Directed by Andrea Bianchi [Other horror films: La tua presenza nuda! (1972), Nude per l’assassino (1975), Malabimba (1979), Maniac Killer (1987), Incontri in case private (1988), Massacre (1989), Gioco di seduzione (1990)]
This Italian zombie offering (commonly known best as Burial Ground: The Nights of Terror) has some fantastic special effects in both their zombie design and exuberant amounts of gore. Unfortunately, it doesn’t really offer up much aside from that.

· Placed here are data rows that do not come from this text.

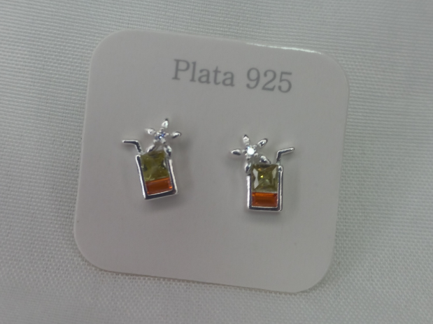 APC19 Compartir Aros pasantes plata italiana 925. Diseño muy original en forma de trago con sorbete. Base compuesta por cúbics baguette color amarillo whisky y naranja. Cierre mariposa$0 Observaciones 0 / 150
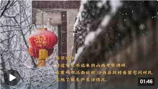 春節(jié)前夕,習(xí)近平總書記來(lái)到山西考察調(diào)研。在霍州市馮南垣村、汾西縣段村看望慰問(wèn)村民,實(shí)地了解生產(chǎn)生活情況。
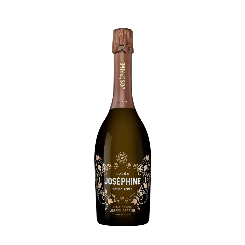 Champagne Brut Cuvée Josephine by Joseph Perrier is the house prestige cuvée, marrying generous depth with refined elegance. In the glass it shines golden with copper tints and a fine, persistent bead. The bouquet reveals white flowers, ripe pear, pale stone fruit and aromas of toasted hazelnut, brioche and delicate spice. On the palate the Champagne is silky, layered and powerful, carried by precise acidity and chalky minerality. The structure is dense yet weightless, giving a dancing, airy impression. The finish is very long, noble and complex. A great celebration Champagne for fine fish, shellfish, refined poultry dishes and elaborate menus.

Really, it’s hard for zombies movies to not feel derivative – at times, this felt like fellow Euro-horror forebears such as Tombs of the Blind Dead and Let Sleeping Corpses Lie/The Living Dead at Manchester Morgue (though in somewhat unique fashion, the former is a Spanish film while the latter an Italian-Spanish production), and of course emulated Fulci’s Zombi 2 and City of the Living Dead, along with taking some elements from Umberto Lenzi’s Nightmare City.

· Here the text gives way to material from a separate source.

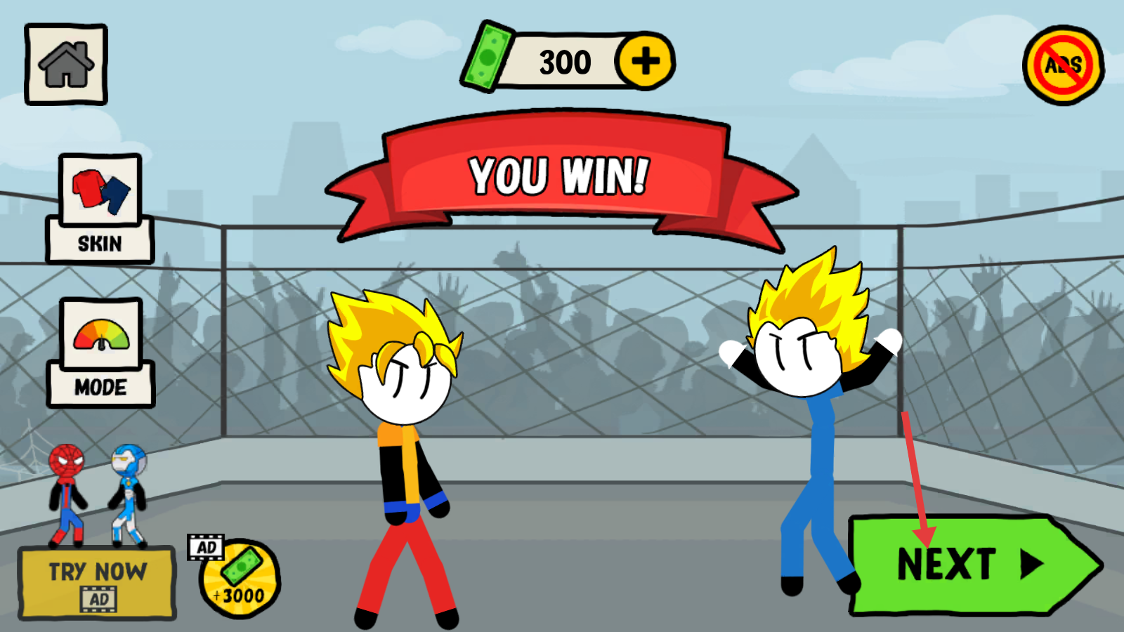 4、通关后点击【绿色NEXT】,积累金钱(如300),解锁【SKIN皮肤】或【MODE模式】拓展玩法。

All of this is to say that you pretty much know what you’re going to get: a thread-bare story but great gore and effects, and by God, Burial Ground delivers.
Obviously, perhaps one of the most memorable scenes is a woman getting her nipple and breast tip gnawed off, but there are also plenty of scenes of zombies digging through peoples’ entrails (thinking Night of the Living Dead, only in glorious color), along with just general great use of gore. The zombies themselves have a great design too, looking both overly decayed, dried out, and decrepit, along with being inundated with maggots and seeping brownish liquid (which one can only imagine would be quite foul) when punctured.
Most of the performances here aren’t really note-worthy in any way. One that just has to be mentioned, though, is Pietro Barzocchini (credited as Peter Bark in the film). Because of Italian laws that restricted the use of children in violent and sexual scenes, Barzocchini (age 25 at the time) was cast as a young child (I’m guessing he was supposed to be between the ages of seven and ten), which added such a strange, surreal feel to the scenes he was present in. It also allowed for a rather creepy scene where he tried to seduce his mother.
Oh, fun times indeed.
On a small side-note, I rather liked the somewhat low-key way this film ended. I can imagine it bothering some viewers, but it also plays into the whole hopelessness the characters felt throughout the whole film.
For a fan of classic horror, there’s a lot to appreciate about this movie, but Zombi 2 will always be my go-to when it comes to Italian zombie movies, no matter how good some of the effects here tend to be. Still, I definitely recommend giving this one a look, as really, you can’t go wrong with Italian zombie flicks from that golden era.